Diduga Tak Berijin, Perusahaan PT Aika Ditengah Perumahan Padat Penduduk Di soal Warga
0 menit baca
BOGOR, Detikinews. id
10/2/2026. Puluhan warga yang dipimpin oleh tokoh masyarakat bersama tiga Ketua RT di Desa Tenjo mendatangi lokasi operasional PT Aika. Aksi ini dipicu oleh keresahan warga terkait keberadaan pabrik produksi panel briket beton yang diduga berdiri secara ilegal di tengah pemukiman warga tanpa izin resmi.
Tokoh masyarakat Desa Tenjo, Haji Mono Sukatma, bersama tiga ketua RT setempat, yakni Wawan (Ketua RT 02/02), Rohedi (Ketua RT 01/04), dan Enjen (Ketua RT 06/02), mendatangi lokasi pabrik setelah upaya komunikasi sebelumnya tidak mendapat tanggapan dari pihak manajemen.

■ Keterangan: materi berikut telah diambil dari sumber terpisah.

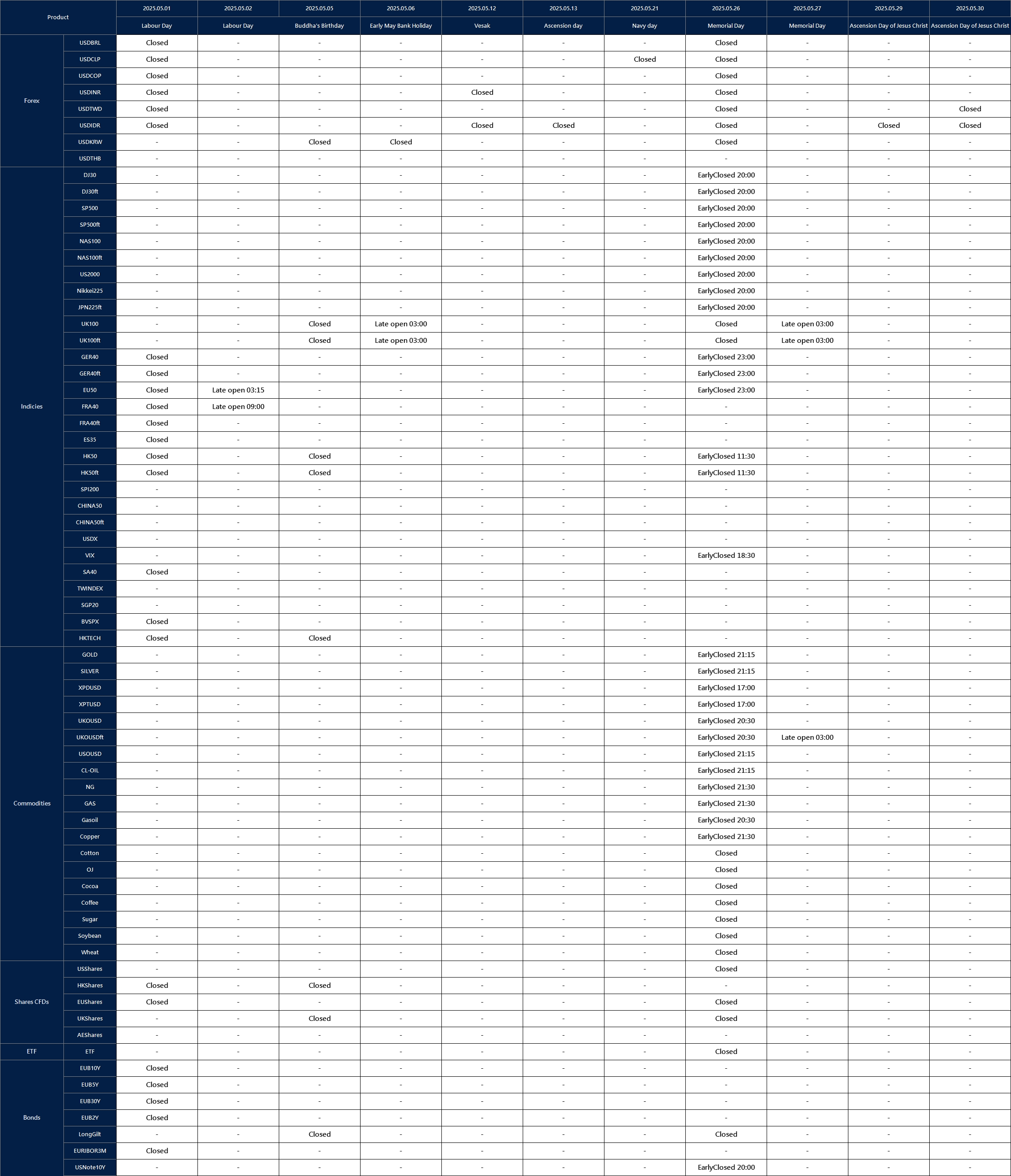 Affected by international holidays, the trading hours of some VT Markets products will be adjusted. Please check the following link for the affected products:

Warga menduga PT Aika memanfaatkan izin perumahan untuk menjalankan aktivitas industri berat. "Kami datang untuk mempertanyakan legalitas perusahaan dan dampak lingkungan yang ditimbulkan. Aktivitas ini berada di tengah perumahan, bukan di kawasan industri," ujar Haji Mono di lokasi.
Kedatangan perwakilan warga disambut oleh Adin, salah satu pengelola pabrik. Dalam diskusi tersebut, Adin mengakui bahwa PT Aika memproduksi panel beton dengan menggunakan campuran bahan baku foam (busa) serta bahan kimia lainnya.
Pengakuan tersebut memperkuat kekhawatiran warga akan adanya potensi pencemaran lingkungan dan bahaya kesehatan jangka panjang akibat paparan bahan kimia di area padat penduduk.
Poin Utama Keresahan Warga:
• Lokasi Tidak Sesuai Peruntukan: Pabrik berdiri di tengah kawasan perumahan Desa Tenjo, bukan di zonasi industri.
• Dugaan Pelanggaran Izin: Perusahaan diduga "mendompleng" izin pembangunan perumahan untuk kegiatan pabrikasi.
• Risiko Kesehatan: Penggunaan bahan kimia dan foam dalam proses produksi dikhawatirkan mencemari udara dan sumber air warga.
Mengingat tidak adanya transparansi mengenai izin operasional dan AMDAL (Analisis Mengenai Dampak Lingkungan), masyarakat secara tegas meminta tindakan nyata dari pemerintah setempat.
"Kami meminta kepada Aparat Penegak Hukum (APH) dan Satpol PP Kecamatan Tenjo untuk segera turun tangan. Perusahaan yang jelas-jelas melanggar aturan dan berdiri tidak pada tempatnya ini harus segera ditutup demi kenyamanan dan keselamatan warga," pungkas perwakilan warga.